Twenty-one common procedures identified by a single CPT code were selected. Each LLM was queried 4 times with standardized prompts requesting CPT codes. Accuracy was assessed based on the correct identification of CPT codes, with statistical analyses comparing performance across models and trials.

Results:

Perplexity achieved the highest accuracy (92.9%, 95% CI = 87.4%-98.4%), whereas Deepseek V3 performed worst (48.2%, 95% CI = 37.5%-58.9%). Global χ² testing showed significant differences in coding accuracy among models (P < .001). Pairwise comparisons revealed Perplexity outperformed ChatGPT-5 Mini, Claude 4.0 Sonnet, and Deepseek V3; Google Gemini 2.5 Flash outperformed Deepseek V3 and ChatGPT-5 Mini; and Claude 4.0 Sonnet outperformed Deepseek V3.

Conclusion:

LLM performance in CPT coding for simple foot and ankle procedures was highly variable, with some models demonstrating acceptable accuracy whereas others performed poorly. These findings highlight that current LLMs are not sufficiently reliable for independent clinical use. Select models may serve as first-pass aids when combined with careful human verification.

Keywords

Large language models artificial intelligence automated medical coding billing accuracy

Introduction

Accurate documentation is essential in orthopaedic surgery to identify correct descriptive terms and Current Procedural Terminology (CPT) codes, ensuring proper billing and reimbursement.^1,2 Accurate CPT coding requires adherence to standardized guidelines; however, complexity arises because many procedures may require multiple or add-on CPT codes depending on the specific components of the case.¹

The adoption of electronic health records (EHRs) has substantially increased orthopaedic surgeons’ administrative workload, consuming more than 58% of their clinical time for order entry and documentation.³ This reduces patient interaction, raises error risk, and contributes to administrative burden, with about 70% of physicians attributing it to EHR use.³ To address these challenges, artificial intelligence, particularly large language models (LLMs), offers potential solutions, such as automating CPT code generation to reduce this burden.
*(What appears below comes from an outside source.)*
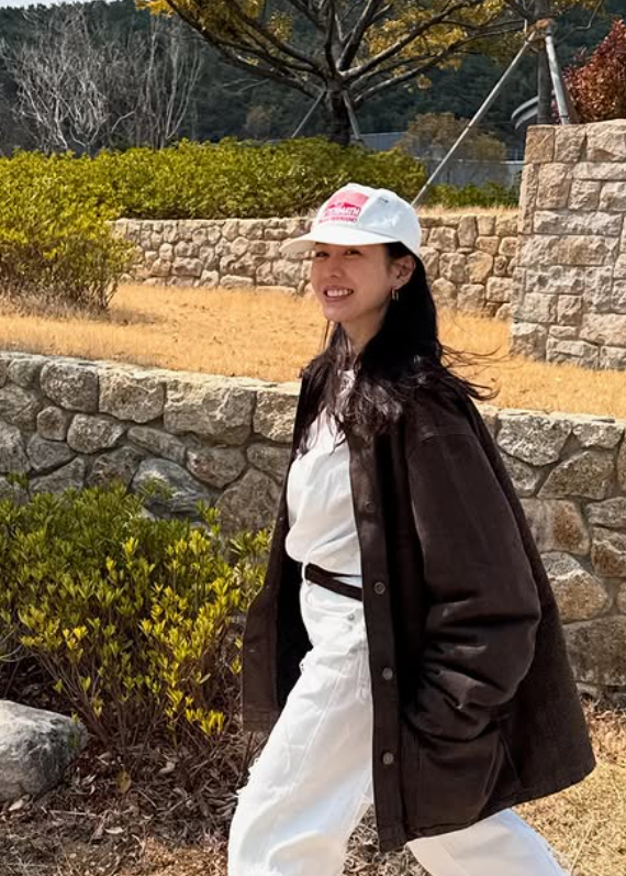손예진 님은 얼굴보다 큰 넉넉한 사이즈의 모자를 착용해 귀여운 분위기를 연출했어요. 모던한 룩에 유니크한 매력을 더한 포인트였답니다.
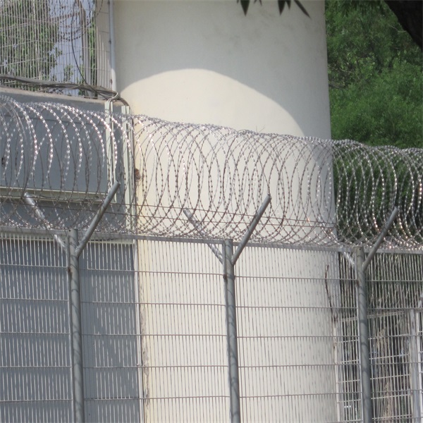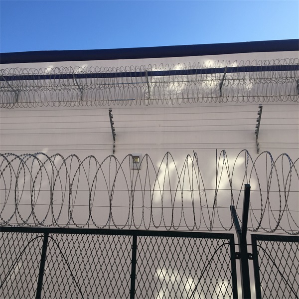 蛇腹型刀刺網在監獄鋼網墻頂部的安裝注意事項∶1.將拉線展開拉直固定在立柱頂部的V形支架上,由于需要安裝的刀片刺絲有許多鋒利的尖刺,注意采取防護措施,以免傷到施工人員。2.刀片刺絲(直徑600mm )打開包裝,首先將一端固定在支架上后,按照螺旋順序展開,均勻分布間距控制在10圈/m,刀片刺絲與刺繩的交點處用綁線捆扎固定。3.檢查各連接部位是否連接牢固4.驗收

LLMs are deep learning algorithms that generate and analyze content.⁴ In health care, they have been applied to diagnostics, patient communication, scribing administrative tasks, and procedural coding.^5,6 Within orthopaedics, AI applications expand beyond coding to imaging annotation, implant evaluation, and predictive modeling for personalized surgical planning.^7-10 The Mayo Clinic orthopaedic AI laboratory currently develops tools for automated image annotation, risk stratification, and text processing to support diagnostics, surgical planning, and clinical data extraction.¹¹ Collectively, these studies and real-world applications demonstrate the broader potential of AI to augment orthopaedic practice; however, its application to administrative tasks such as CPT coding remains underexplored. Commercial platforms like GaleAI have also emerged to automate coding and improve revenue capture, reflecting growing industry interest in AI-assisted billing solutions.¹²

Although ChatGPT has demonstrated educational utility, achieving a 47% score on the Orthopaedic In-Training Examination (OITE), research evaluating its clinical or administrative accuracy in orthopaedics is limited.¹³ LLMs have been successfully applied to CPT code generation in specialties such as neurosurgery and aesthetic plastic surgery.^14,15 A recent evaluation of LLMs in hand surgery coding found that Perplexity and Bard achieved the highest accuracy for simple procedures, with Perplexity correctly identifying all 15 CPT codes and Bard correctly identifying 14.¹⁶ These results suggest that LLMs may effectively automate routine coding tasks for straightforward cases; however, their performance declines in more complicated scenarios. In hand procedures with more than 1 required CPT code for billing, Perplexity and Bard accurately coded only 3 of 5 procedures, whereas Bing AI and ChatGPT failed to generate any accurate CPT codes.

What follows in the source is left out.